>>>>>

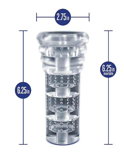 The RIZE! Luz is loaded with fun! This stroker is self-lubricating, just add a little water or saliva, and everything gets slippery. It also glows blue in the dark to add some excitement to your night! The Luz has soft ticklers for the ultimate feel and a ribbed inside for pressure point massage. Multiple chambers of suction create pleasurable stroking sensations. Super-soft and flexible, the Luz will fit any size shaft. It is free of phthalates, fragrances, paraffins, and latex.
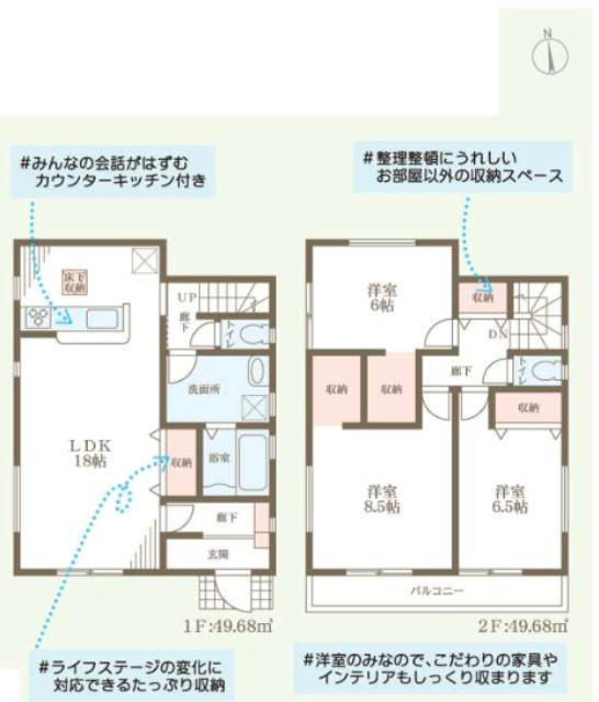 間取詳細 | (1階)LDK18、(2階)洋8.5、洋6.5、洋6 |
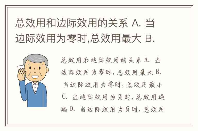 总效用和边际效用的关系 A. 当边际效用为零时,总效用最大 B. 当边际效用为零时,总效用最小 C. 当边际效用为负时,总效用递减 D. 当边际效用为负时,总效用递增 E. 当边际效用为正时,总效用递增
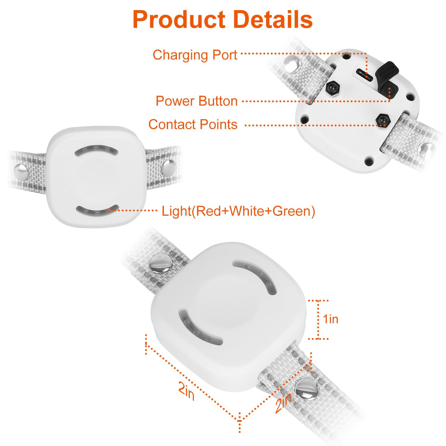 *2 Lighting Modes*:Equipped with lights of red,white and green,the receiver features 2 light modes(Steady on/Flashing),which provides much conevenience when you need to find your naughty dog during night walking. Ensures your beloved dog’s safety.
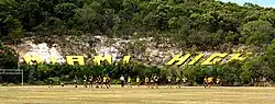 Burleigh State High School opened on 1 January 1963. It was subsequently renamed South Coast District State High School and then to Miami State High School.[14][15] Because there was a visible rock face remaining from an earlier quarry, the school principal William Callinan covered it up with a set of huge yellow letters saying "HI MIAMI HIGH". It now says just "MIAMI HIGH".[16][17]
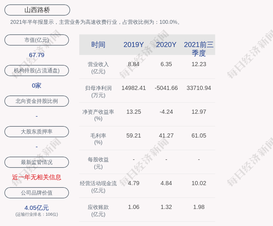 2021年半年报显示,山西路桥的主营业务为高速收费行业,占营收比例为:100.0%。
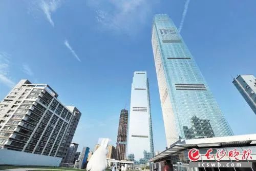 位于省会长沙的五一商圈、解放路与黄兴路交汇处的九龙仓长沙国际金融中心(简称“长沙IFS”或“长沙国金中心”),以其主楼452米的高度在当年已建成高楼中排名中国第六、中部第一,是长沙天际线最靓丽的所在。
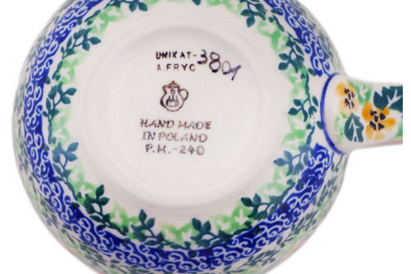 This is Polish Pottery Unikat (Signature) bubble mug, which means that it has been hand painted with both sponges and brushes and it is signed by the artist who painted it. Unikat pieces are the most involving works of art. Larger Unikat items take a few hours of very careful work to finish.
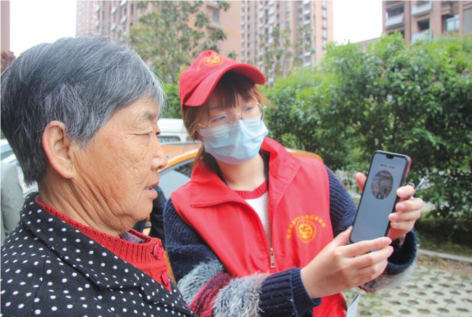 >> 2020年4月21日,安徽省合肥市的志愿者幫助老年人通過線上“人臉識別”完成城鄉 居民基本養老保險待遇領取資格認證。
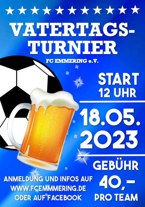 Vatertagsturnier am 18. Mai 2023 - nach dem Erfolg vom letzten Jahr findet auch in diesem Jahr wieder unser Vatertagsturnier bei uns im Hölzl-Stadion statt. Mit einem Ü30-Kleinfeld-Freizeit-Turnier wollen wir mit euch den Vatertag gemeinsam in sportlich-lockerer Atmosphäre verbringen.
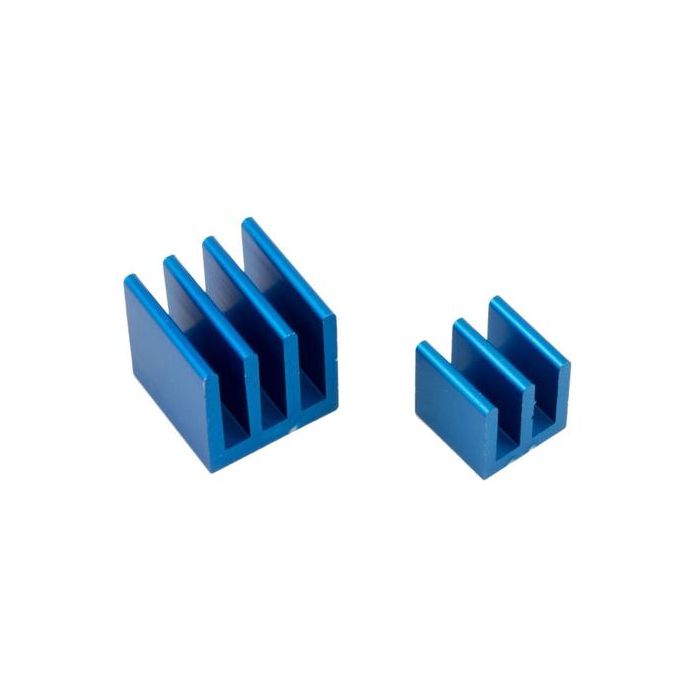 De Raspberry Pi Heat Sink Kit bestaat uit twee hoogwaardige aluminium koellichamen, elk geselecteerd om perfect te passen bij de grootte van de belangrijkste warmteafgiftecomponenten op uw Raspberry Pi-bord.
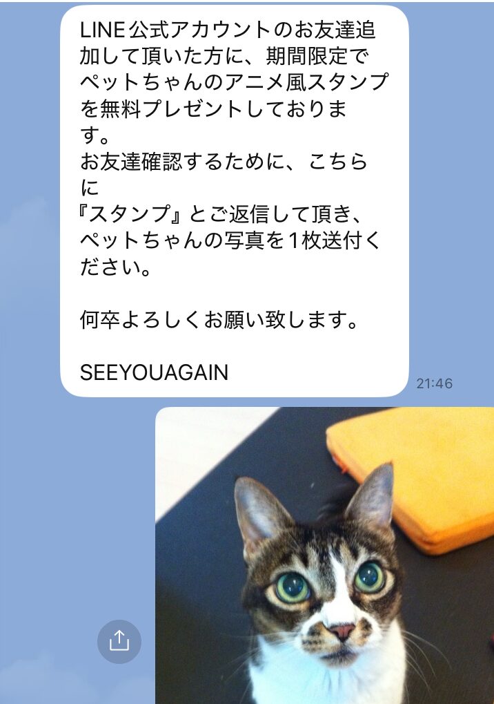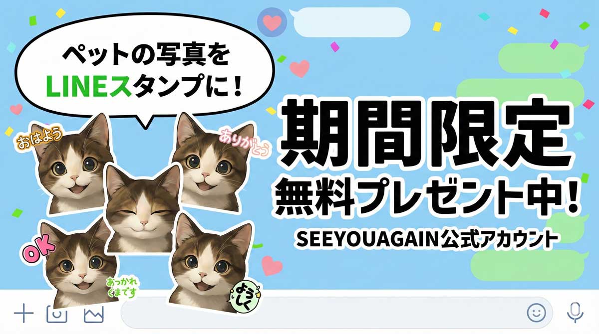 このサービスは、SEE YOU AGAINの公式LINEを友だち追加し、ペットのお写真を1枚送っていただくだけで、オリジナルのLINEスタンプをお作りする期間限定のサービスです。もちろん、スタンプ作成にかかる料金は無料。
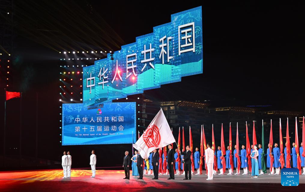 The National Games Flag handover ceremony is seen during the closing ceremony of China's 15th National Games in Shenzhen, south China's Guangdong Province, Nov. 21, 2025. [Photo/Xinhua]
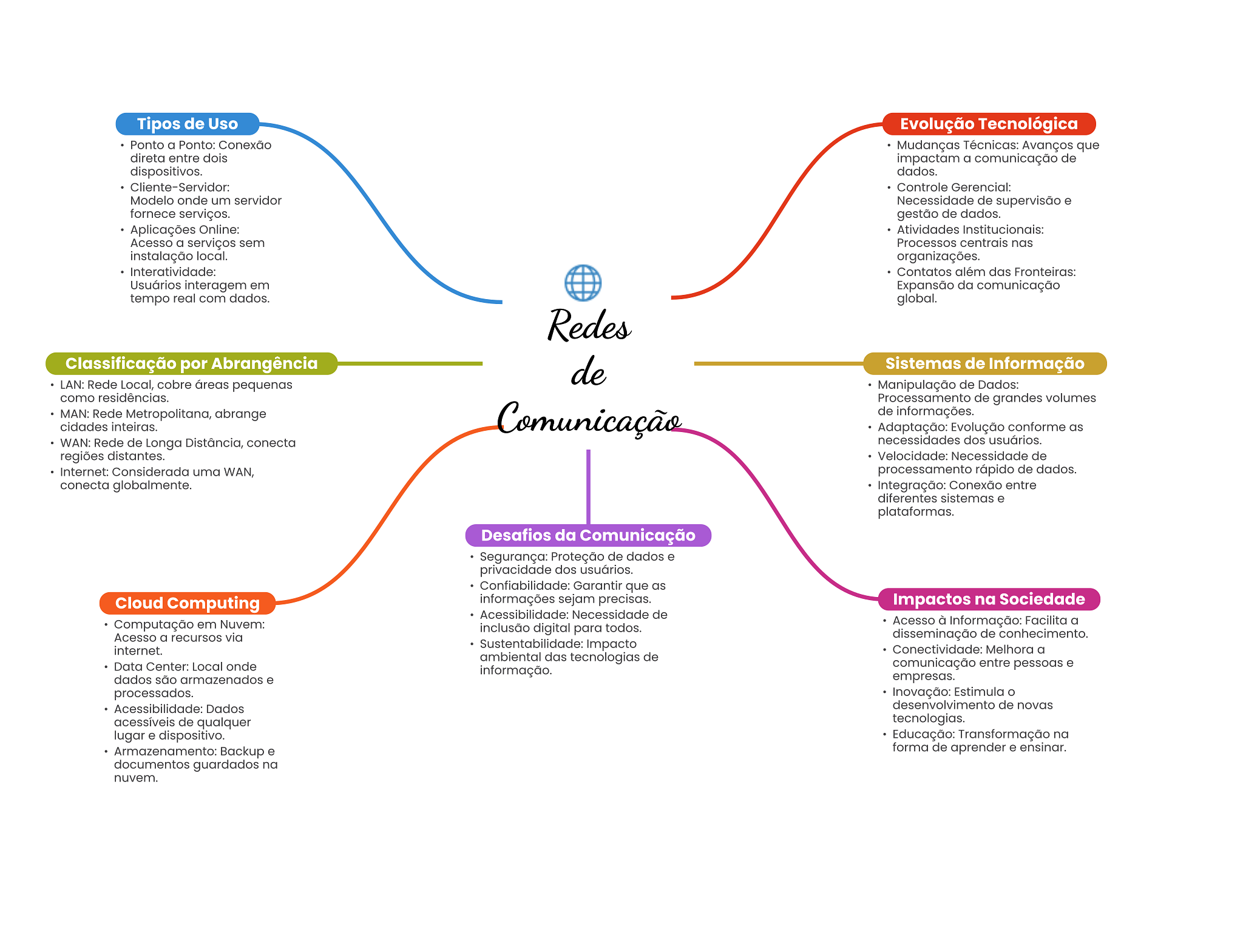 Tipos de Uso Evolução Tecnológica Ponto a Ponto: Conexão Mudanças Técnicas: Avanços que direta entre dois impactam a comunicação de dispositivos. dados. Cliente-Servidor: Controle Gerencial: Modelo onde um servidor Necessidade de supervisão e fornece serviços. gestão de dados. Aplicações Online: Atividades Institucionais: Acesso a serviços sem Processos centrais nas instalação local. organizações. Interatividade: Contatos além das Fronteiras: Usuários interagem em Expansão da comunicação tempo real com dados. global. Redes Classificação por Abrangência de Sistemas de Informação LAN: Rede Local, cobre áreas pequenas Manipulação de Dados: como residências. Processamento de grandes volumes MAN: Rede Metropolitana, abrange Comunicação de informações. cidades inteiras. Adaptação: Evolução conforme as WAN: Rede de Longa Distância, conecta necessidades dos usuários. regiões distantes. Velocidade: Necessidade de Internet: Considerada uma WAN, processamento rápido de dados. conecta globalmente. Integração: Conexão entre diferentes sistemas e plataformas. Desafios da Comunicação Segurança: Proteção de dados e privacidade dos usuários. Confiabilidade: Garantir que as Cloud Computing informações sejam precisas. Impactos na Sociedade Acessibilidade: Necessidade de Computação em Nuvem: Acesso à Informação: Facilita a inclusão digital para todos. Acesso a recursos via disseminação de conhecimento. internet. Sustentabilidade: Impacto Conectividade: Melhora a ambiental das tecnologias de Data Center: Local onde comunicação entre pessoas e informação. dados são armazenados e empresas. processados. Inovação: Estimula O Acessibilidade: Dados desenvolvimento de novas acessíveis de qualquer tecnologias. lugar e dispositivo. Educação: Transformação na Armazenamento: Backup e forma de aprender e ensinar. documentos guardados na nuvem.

<<<<<

#### WHAT THIS TASK INVOLVES
Output the data exactly. Pictures don't belong in the result.

#### REPLY
 The RIZE! Luz is loaded with fun! This stroker is self-lubricating, just add a little water or saliva, and everything gets slippery. It also glows blue in the dark to add some excitement to your night! The Luz has soft ticklers for the ultimate feel and a ribbed inside for pressure point massage. Multiple chambers of suction create pleasurable stroking sensations. Super-soft and flexible, the Luz will fit any size shaft. It is free of phthalates, fragrances, paraffins, and latex.
 間取詳細 | (1階)LDK18、(2階)洋8.5、洋6.5、洋6 |
 总效用和边际效用的关系 A. 当边际效用为零时,总效用最大 B. 当边际效用为零时,总效用最小 C. 当边际效用为负时,总效用递减 D. 当边际效用为负时,总效用递增 E. 当边际效用为正时,总效用递增
 *2 Lighting Modes*:Equipped with lights of red,white and green,the receiver features 2 light modes(Steady on/Flashing),which provides much conevenience when you need to find your naughty dog during night walking. Ensures your beloved dog’s safety.
 Burleigh State High School opened on 1 January 1963. It was subsequently renamed South Coast District State High School and then to Miami State High School.[14][15] Because there was a visible rock face remaining from an earlier quarry, the school principal William Callinan covered it up with a set of huge yellow letters saying "HI MIAMI HIGH". It now says just "MIAMI HIGH".[16][17]
 2021年半年报显示,山西路桥的主营业务为高速收费行业,占营收比例为:100.0%。
 位于省会长沙的五一商圈、解放路与黄兴路交汇处的九龙仓长沙国际金融中心(简称“长沙IFS”或“长沙国金中心”),以其主楼452米的高度在当年已建成高楼中排名中国第六、中部第一,是长沙天际线最靓丽的所在。
 This is Polish Pottery Unikat (Signature) bubble mug, which means that it has been hand painted with both sponges and brushes and it is signed by the artist who painted it. Unikat pieces are the most involving works of art. Larger Unikat items take a few hours of very careful work to finish.
 >> 2020年4月21日,安徽省合肥市的志愿者幫助老年人通過線上“人臉識別”完成城鄉 居民基本養老保險待遇領取資格認證。
 Vatertagsturnier am 18. Mai 2023 - nach dem Erfolg vom letzten Jahr findet auch in diesem Jahr wieder unser Vatertagsturnier bei uns im Hölzl-Stadion statt. Mit einem Ü30-Kleinfeld-Freizeit-Turnier wollen wir mit euch den Vatertag gemeinsam in sportlich-lockerer Atmosphäre verbringen.
 De Raspberry Pi Heat Sink Kit bestaat uit twee hoogwaardige aluminium koellichamen, elk geselecteerd om perfect te passen bij de grootte van de belangrijkste warmteafgiftecomponenten op uw Raspberry Pi-bord.
 このサービスは、SEE YOU AGAINの公式LINEを友だち追加し、ペットのお写真を1枚送っていただくだけで、オリジナルのLINEスタンプをお作りする期間限定のサービスです。もちろん、スタンプ作成にかかる料金は無料。
 The National Games Flag handover ceremony is seen during the closing ceremony of China's 15th National Games in Shenzhen, south China's Guangdong Province, Nov. 21, 2025. [Photo/Xinhua]
 Tipos de Uso Evolução Tecnológica Ponto a Ponto: Conexão Mudanças Técnicas: Avanços que direta entre dois impactam a comunicação de dispositivos. dados. Cliente-Servidor: Controle Gerencial: Modelo onde um servidor Necessidade de supervisão e fornece serviços. gestão de dados. Aplicações Online: Atividades Institucionais: Acesso a serviços sem Processos centrais nas instalação local. organizações. Interatividade: Contatos além das Fronteiras: Usuários interagem em Expansão da comunicação tempo real com dados. global. Redes Classificação por Abrangência de Sistemas de Informação LAN: Rede Local, cobre áreas pequenas Manipulação de Dados: como residências. Processamento de grandes volumes MAN: Rede Metropolitana, abrange Comunicação de informações. cidades inteiras. Adaptação: Evolução conforme as WAN: Rede de Longa Distância, conecta necessidades dos usuários. regiões distantes. Velocidade: Necessidade de Internet: Considerada uma WAN, processamento rápido de dados. conecta globalmente. Integração: Conexão entre diferentes sistemas e plataformas. Desafios da Comunicação Segurança: Proteção de dados e privacidade dos usuários. Confiabilidade: Garantir que as Cloud Computing informações sejam precisas. Impactos na Sociedade Acessibilidade: Necessidade de Computação em Nuvem: Acesso à Informação: Facilita a inclusão digital para todos. Acesso a recursos via disseminação de conhecimento. internet. Sustentabilidade: Impacto Conectividade: Melhora a ambiental das tecnologias de Data Center: Local onde comunicação entre pessoas e informação. dados são armazenados e empresas. processados. Inovação: Estimula O Acessibilidade: Dados desenvolvimento de novas acessíveis de qualquer tecnologias. lugar e dispositivo. Educação: Transformação na Armazenamento: Backup e forma de aprender e ensinar. documentos guardados na nuvem.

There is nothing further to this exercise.